▶ Exercise instructions: In this exercise, retype exactly the lines from the start of the entries through the line bearing "ネコ、恐竜モチーフがかわいいシリコン製テーブルウェア4点セット", leaving every picture out.

Recorded data
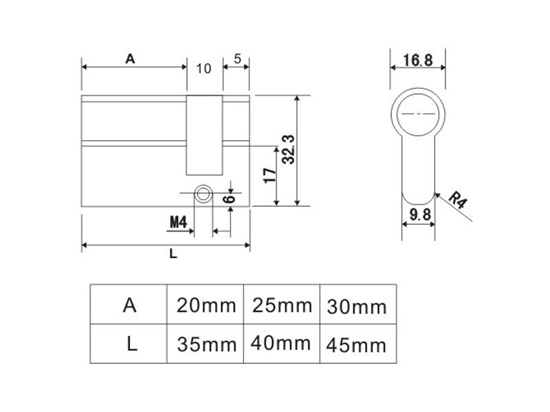 RCR-08半边带拧手锁芯,一边带拧手,单边开门,一般用于管道消防门、隐形门;可定制长度
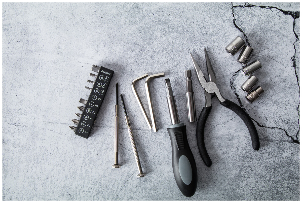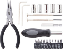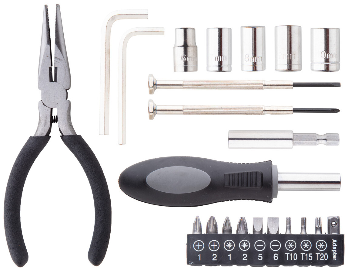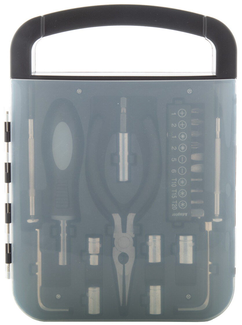 22dílná sada nářadí v plastovém pouzdře. Obsahuje 2ks šroubováků, 1ks kombinovaných kleští, 1 ks držáku, 2 ks dlátek, 5 ks hlavic, 10 ks bitů.
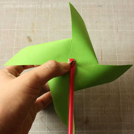 Colocar paja a pinwheel colocando el agujero en la paja a través de papel de pin en la parte posterior de la rueda.
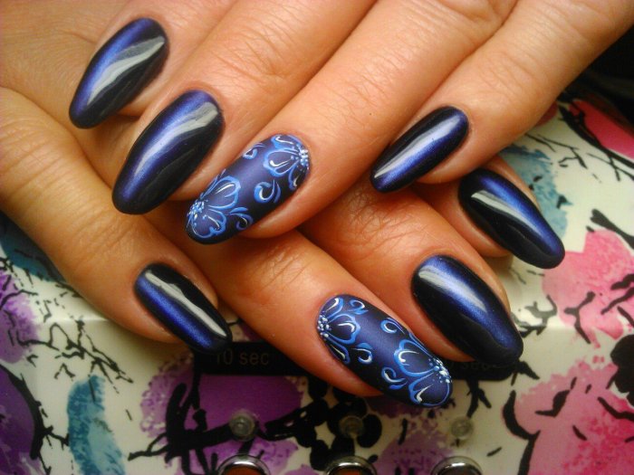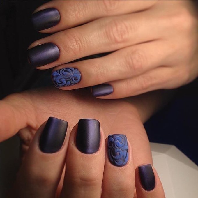 Для длинных ногтей лучше выбирать темные оттенки лака — глубокий синий, винный, черный и др. Покрытие может быть однотонным или с дополнительным дизайном. Например, можно выделить один или два ноготка матовой текстурой. Такой контраст смотрится очень эффектно.
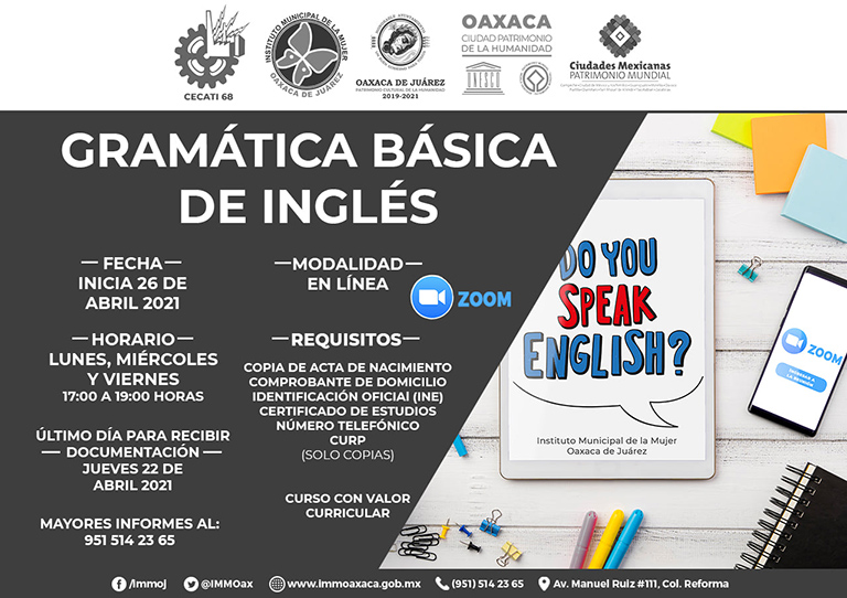 Oaxaca de Juárez, Oaxaca, a 20 de abril de 2021.- El Ayuntamiento de Oaxaca de Juárez, a través del Instituto Municipal de la Mujer, invita a las mujeres capitalinas a participar en el curso virtual gratuito de “Gramática básica de inglés”, que se impartirá del 26 de abril al 11 de junio de 2021, los lunes, miércoles y viernes, en un horario de 17:00 a 19:00 horas.
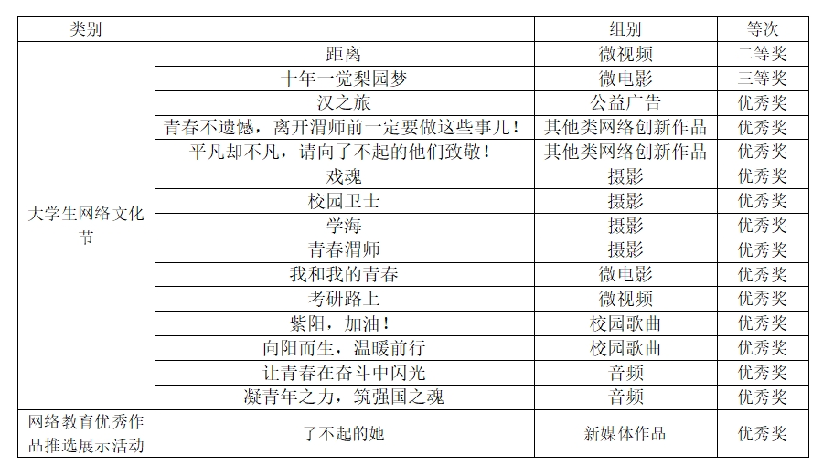 近日,由陕西省委教育工委、陕西省委网信办主办,陕西高校网络思政中心承办的第六届陕西高校大学生网络文化节和网络教育优秀作品推选展示活动入选结果揭晓,我校16项作品获奖,其中二等奖1项,三等奖1项,优秀奖14项。我校第二次参加此项活动以来,获奖等级和数量均有所提高,其中网络优秀作品推选展示活动和大学生网络文化节校园歌曲类、其他创新类作品均实现零的突破,1项作品还获评全国第六届大学生网络文化节其他创新类作品优秀奖。
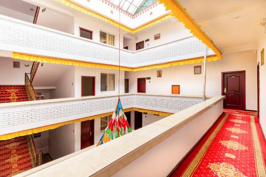 宾馆为藏式装修风格,我们有双人标间,大床间,三人标间,家庭间。无线宽带覆盖大厅,公共区域及所有房间,中英文书籍可供客人阅读和交换,楼顶烧烤区客人可以使用烧烤工具。前台提供旅游咨询,拼车信息,预订机票汽车票,代订藏羌歌舞表演及藏家参观。提供自助洗衣设备。
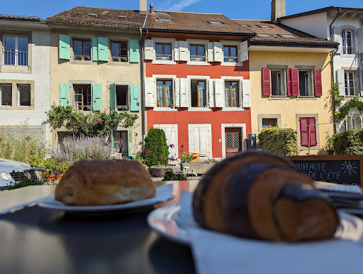 This bakery has great bread but the CROISSANTS! My goodness... their croissants are something else! They have a crust made in heaven. Definitely the best croissants I have ever had in my Life so far. They have a little coffee shop too with generous outdoor seating and a nice view on the more colorful houses of Perroy. A slight design makeover would do them some good. But then again it’s part of their charme that they are an unpretentious typical bakery...
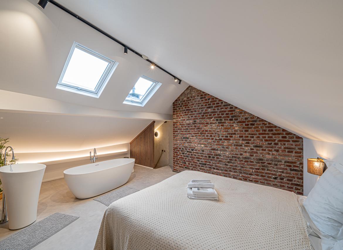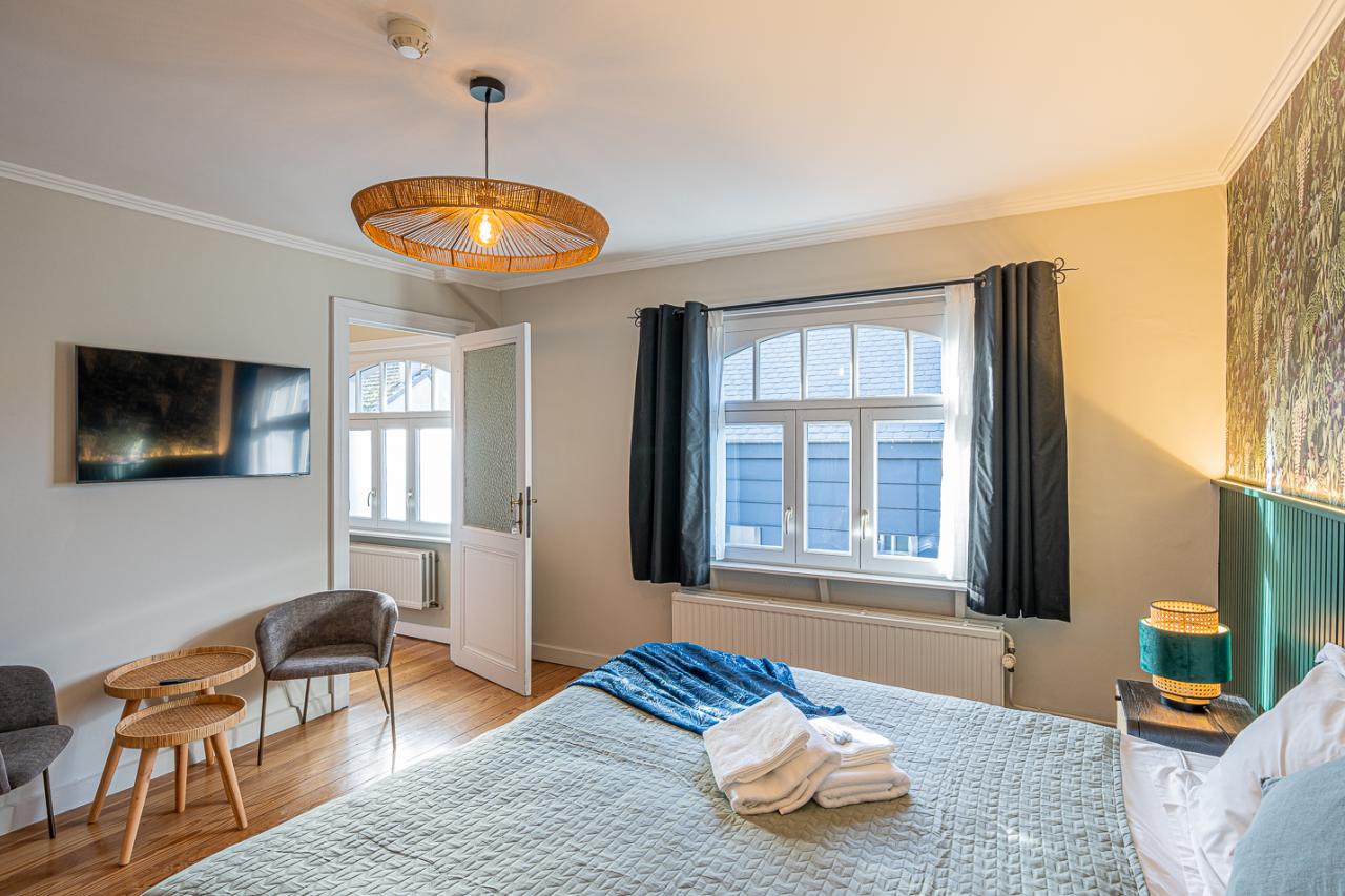 • 4 chambres pour 2 personnes avec lit ‘double’ (2 matelas 90x200), salle de douche privative, WC
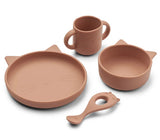 ネコ、恐竜モチーフがかわいいシリコン製テーブルウェア4点セット
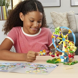 - Konstruktionssæt med bevægelsesfunktion: drej på håndtaget og aktiver pariserhjulets bevægelse.
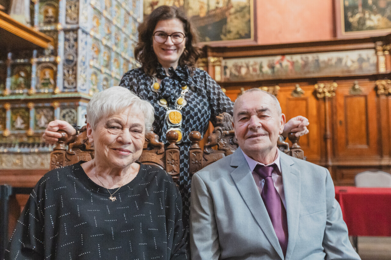 Gdańsk. Dwór Artusa. Jubileusz Par Małżeńskich - Złote Gody, podczas których Prezydent Gdańska Aleksandra Dulkiewicz wręczyła medale za długoletnie pożycie małżeńskie
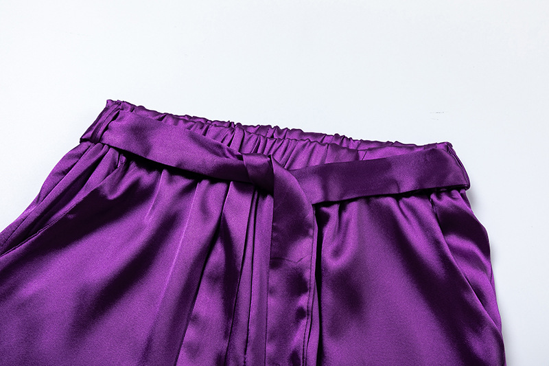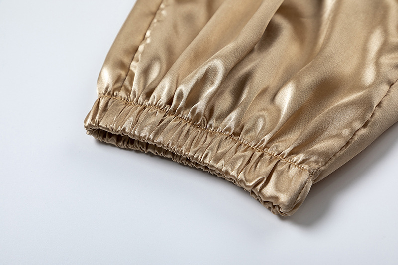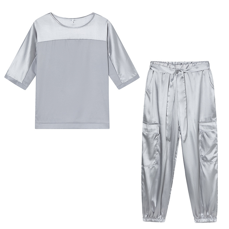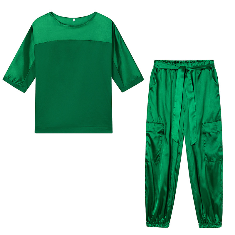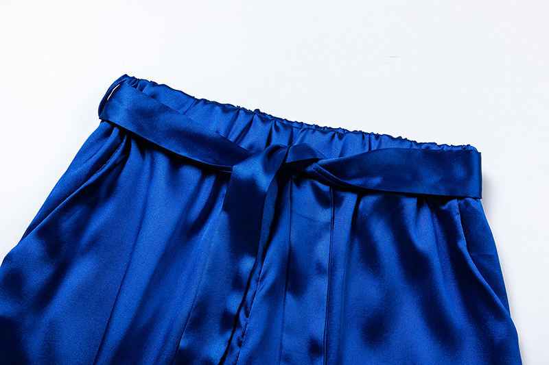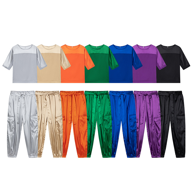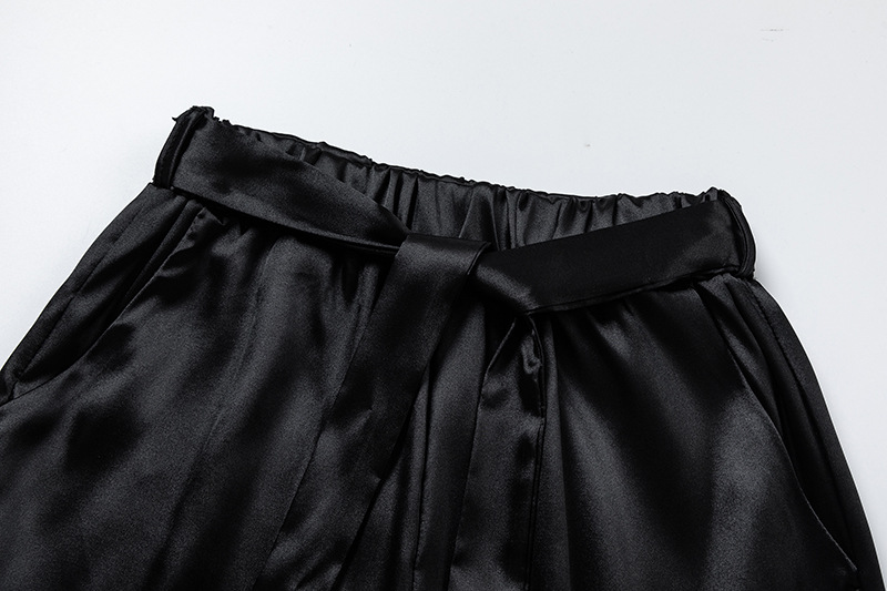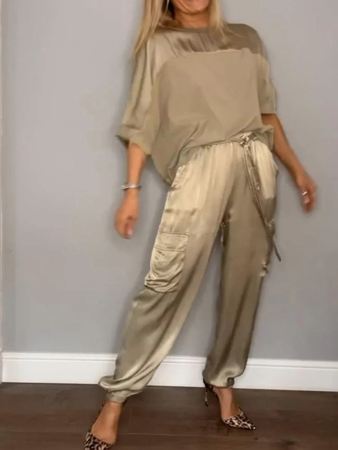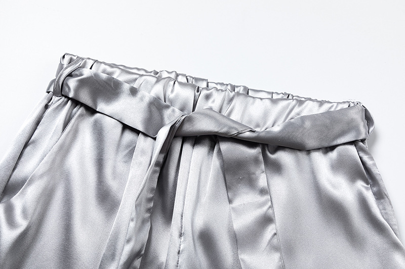 2024 Европейский и Американский трансграничный новый модный женский гладкий атласный топ с половиной рукава брюки набор из двух частей повседневный набор

▶ Response to this task:
 RCR-08半边带拧手锁芯,一边带拧手,单边开门,一般用于管道消防门、隐形门;可定制长度
 22dílná sada nářadí v plastovém pouzdře. Obsahuje 2ks šroubováků, 1ks kombinovaných kleští, 1 ks držáku, 2 ks dlátek, 5 ks hlavic, 10 ks bitů.
 Colocar paja a pinwheel colocando el agujero en la paja a través de papel de pin en la parte posterior de la rueda.
 Для длинных ногтей лучше выбирать темные оттенки лака — глубокий синий, винный, черный и др. Покрытие может быть однотонным или с дополнительным дизайном. Например, можно выделить один или два ноготка матовой текстурой. Такой контраст смотрится очень эффектно.
 Oaxaca de Juárez, Oaxaca, a 20 de abril de 2021.- El Ayuntamiento de Oaxaca de Juárez, a través del Instituto Municipal de la Mujer, invita a las mujeres capitalinas a participar en el curso virtual gratuito de “Gramática básica de inglés”, que se impartirá del 26 de abril al 11 de junio de 2021, los lunes, miércoles y viernes, en un horario de 17:00 a 19:00 horas.
 近日,由陕西省委教育工委、陕西省委网信办主办,陕西高校网络思政中心承办的第六届陕西高校大学生网络文化节和网络教育优秀作品推选展示活动入选结果揭晓,我校16项作品获奖,其中二等奖1项,三等奖1项,优秀奖14项。我校第二次参加此项活动以来,获奖等级和数量均有所提高,其中网络优秀作品推选展示活动和大学生网络文化节校园歌曲类、其他创新类作品均实现零的突破,1项作品还获评全国第六届大学生网络文化节其他创新类作品优秀奖。
 宾馆为藏式装修风格,我们有双人标间,大床间,三人标间,家庭间。无线宽带覆盖大厅,公共区域及所有房间,中英文书籍可供客人阅读和交换,楼顶烧烤区客人可以使用烧烤工具。前台提供旅游咨询,拼车信息,预订机票汽车票,代订藏羌歌舞表演及藏家参观。提供自助洗衣设备。
 This bakery has great bread but the CROISSANTS! My goodness... their croissants are something else! They have a crust made in heaven. Definitely the best croissants I have ever had in my Life so far. They have a little coffee shop too with generous outdoor seating and a nice view on the more colorful houses of Perroy. A slight design makeover would do them some good. But then again it’s part of their charme that they are an unpretentious typical bakery...
 • 4 chambres pour 2 personnes avec lit ‘double’ (2 matelas 90x200), salle de douche privative, WC
 ネコ、恐竜モチーフがかわいいシリコン製テーブルウェア4点セット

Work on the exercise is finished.